Last Posted Update2024-09-13
ClinicalTrials.gov #NCT04903080
International Sponsor
Pediatric Brain Tumor Consortium
Principal Investigators for Canadian Sites
The Hospital for Sick Children - Dr. Joerg Krueger
Centres
Medical contact

Dr. Daniel Morgenstern

daniel.morgenstern@sickkids.ca

Social worker/patient navigator contact

Karen Fung 

karen.fung@sickkids.ca

Clinical research contact

New Agent and Innovative Therapies (NAIT) 

nait.info@sickkids.ca

 

 

 

Study Description

This study evaluates the safety of a type of treatment called HER2 CAR T cells (short for HER2 chimeric antigen receptor T cells). In addition to looking for side effects, we will study how well this treatment works against a brain tumor called ependymoma that has come back after treatment (recurrent) or has not responded well to treatment (progressive) in children. The HER2 CAR T cells used in this trial are made from the patient's own blood.

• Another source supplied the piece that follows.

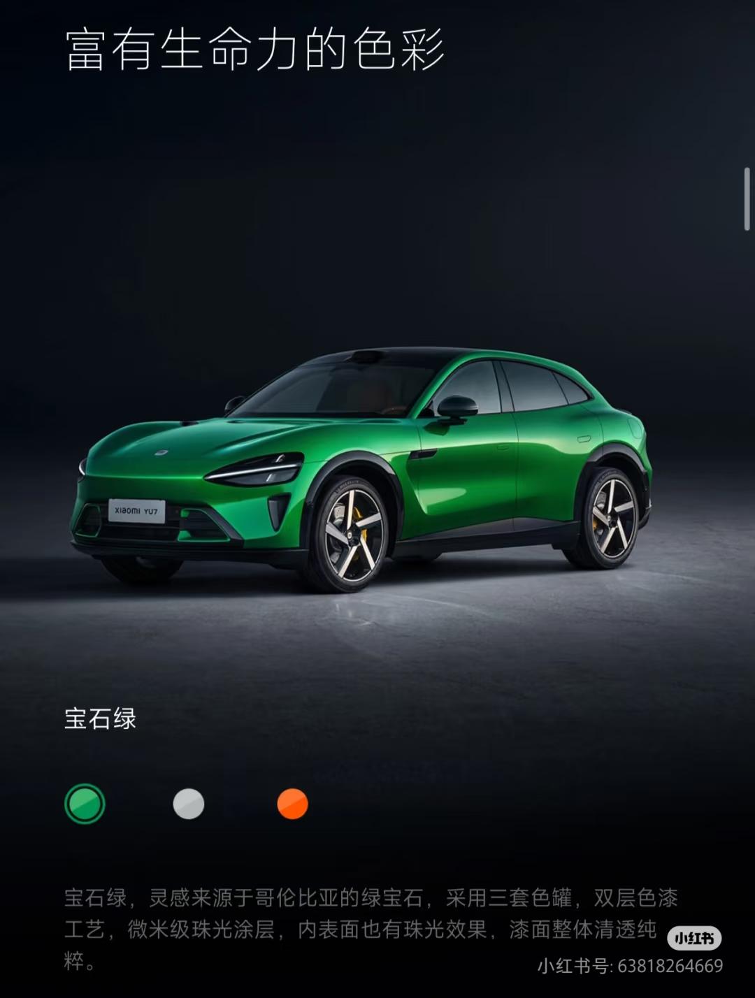 1.极客科技党——激光雷达+全场景AI,智能体验甩对手三条街! 2.性能发烧友——3.2秒破百+空气悬架,红绿灯起步教超跑做人! 3.家庭品质派——850km续航+航母级空间,带娃自驾游说走就走! 4.商务精英层——杜比座舱+隐形大佬气场,接客户比BBA更有排面! 5.未来出行控——L3硬件预埋+小米生态,抢先十年开上“科幻座驾”! 小米YU7,不仅是一台车,更是移动的智能生活终端,你的战斗女神阿丽塔。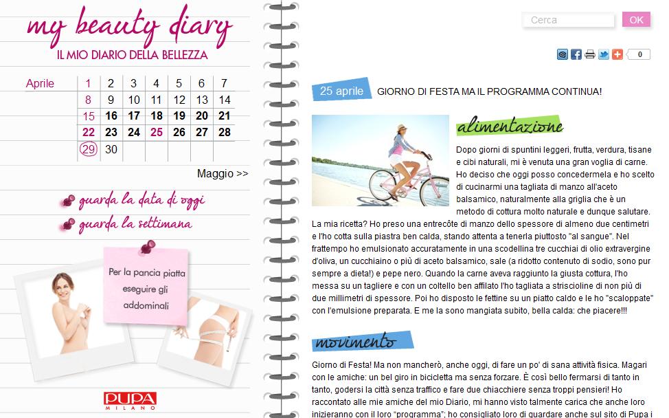 In attesa di essere colpita da una saetta vi invito ad andare a sbirciare la sezione del sito Pupa dedicata ad un vero e proprio programma di mis en forme: My Beauty Diary. All’inizio ero un po’ scettica, ma leggendo giorno dopo giorno i vari articoli ho iniziato ad appassionarmi ed a trovare l’idea tanto utile e divertente da farla diventare un vero e proprio appuntamento quotidiano. La vita a volte si fa così frenetica che dimentichiamo di pensare a quelle piccole cose che ci fanno stare bene: My Beauty Diary è un bel promemoria per non dimenticare di trovare sempre un po’ di tempo per noi stesse e per ricordare quegli accorgimenti talvolta anche banali (un esempio? Bere sempre molta acqua!), ma che finiamo colpevolmente per ignorare.

A new gene, called the HER2 CAR, will be inserted into patient's cells to allow them to recognize a protein on the tumor called HER2. These HER2-specific CAR T cells may be able to target and kill ependymoma tumors. This research is also studying how doable it is to provide this type of CAR T cell treatment to children being treated at different hospitals.

Inclusion Criteria
  • Participants must have a diagnosis of ependymoma that is has come back or progressed.
  • Patient must be ≥ 1 but ≤ 22 years of age at the time of enrollment for treatment.
  • Participants must be up and about for 60% of their waking hours
  • Patients must have received last dose of previous chemotherapy at least 21 days before enrollment.
  • Patient must meet all organ function, bone marrow function and laboratory criteria
  • The patient or parent/guardian can understand the consent and is willing to sign a written informed consent document according to institutional guidelines. Age- and developmentally appropriate assent should be obtained as required by institutional guidelines.

Additional inclusion and exclusion criteria applies and will be discussed with you by the study team.